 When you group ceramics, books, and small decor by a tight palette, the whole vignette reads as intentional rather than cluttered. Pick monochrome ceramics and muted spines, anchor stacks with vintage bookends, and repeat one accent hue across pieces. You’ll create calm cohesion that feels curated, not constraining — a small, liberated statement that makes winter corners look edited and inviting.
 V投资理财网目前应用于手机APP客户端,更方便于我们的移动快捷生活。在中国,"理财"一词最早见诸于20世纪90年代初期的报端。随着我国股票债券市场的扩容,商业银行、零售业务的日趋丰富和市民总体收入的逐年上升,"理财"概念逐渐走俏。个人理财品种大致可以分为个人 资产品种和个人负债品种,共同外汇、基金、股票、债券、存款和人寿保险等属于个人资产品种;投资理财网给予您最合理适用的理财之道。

============

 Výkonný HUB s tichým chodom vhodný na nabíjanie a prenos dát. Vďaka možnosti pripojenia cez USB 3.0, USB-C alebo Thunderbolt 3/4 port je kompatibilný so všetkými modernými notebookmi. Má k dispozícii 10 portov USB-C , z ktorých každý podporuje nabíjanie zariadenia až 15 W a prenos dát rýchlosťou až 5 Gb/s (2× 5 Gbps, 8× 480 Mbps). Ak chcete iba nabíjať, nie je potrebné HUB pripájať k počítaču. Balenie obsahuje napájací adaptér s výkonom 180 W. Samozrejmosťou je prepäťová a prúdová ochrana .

============

[Directions]
Beginning at the line with "When you group" and stopping after the line with "V投资理财网目前应用于手机A", please write out every line of the data above exactly and nothing else.

[Result]
 When you group ceramics, books, and small decor by a tight palette, the whole vignette reads as intentional rather than cluttered. Pick monochrome ceramics and muted spines, anchor stacks with vintage bookends, and repeat one accent hue across pieces. You’ll create calm cohesion that feels curated, not constraining — a small, liberated statement that makes winter corners look edited and inviting.
 V投资理财网目前应用于手机APP客户端,更方便于我们的移动快捷生活。在中国,"理财"一词最早见诸于20世纪90年代初期的报端。随着我国股票债券市场的扩容,商业银行、零售业务的日趋丰富和市民总体收入的逐年上升,"理财"概念逐渐走俏。个人理财品种大致可以分为个人 资产品种和个人负债品种,共同外汇、基金、股票、债券、存款和人寿保险等属于个人资产品种;投资理财网给予您最合理适用的理财之道。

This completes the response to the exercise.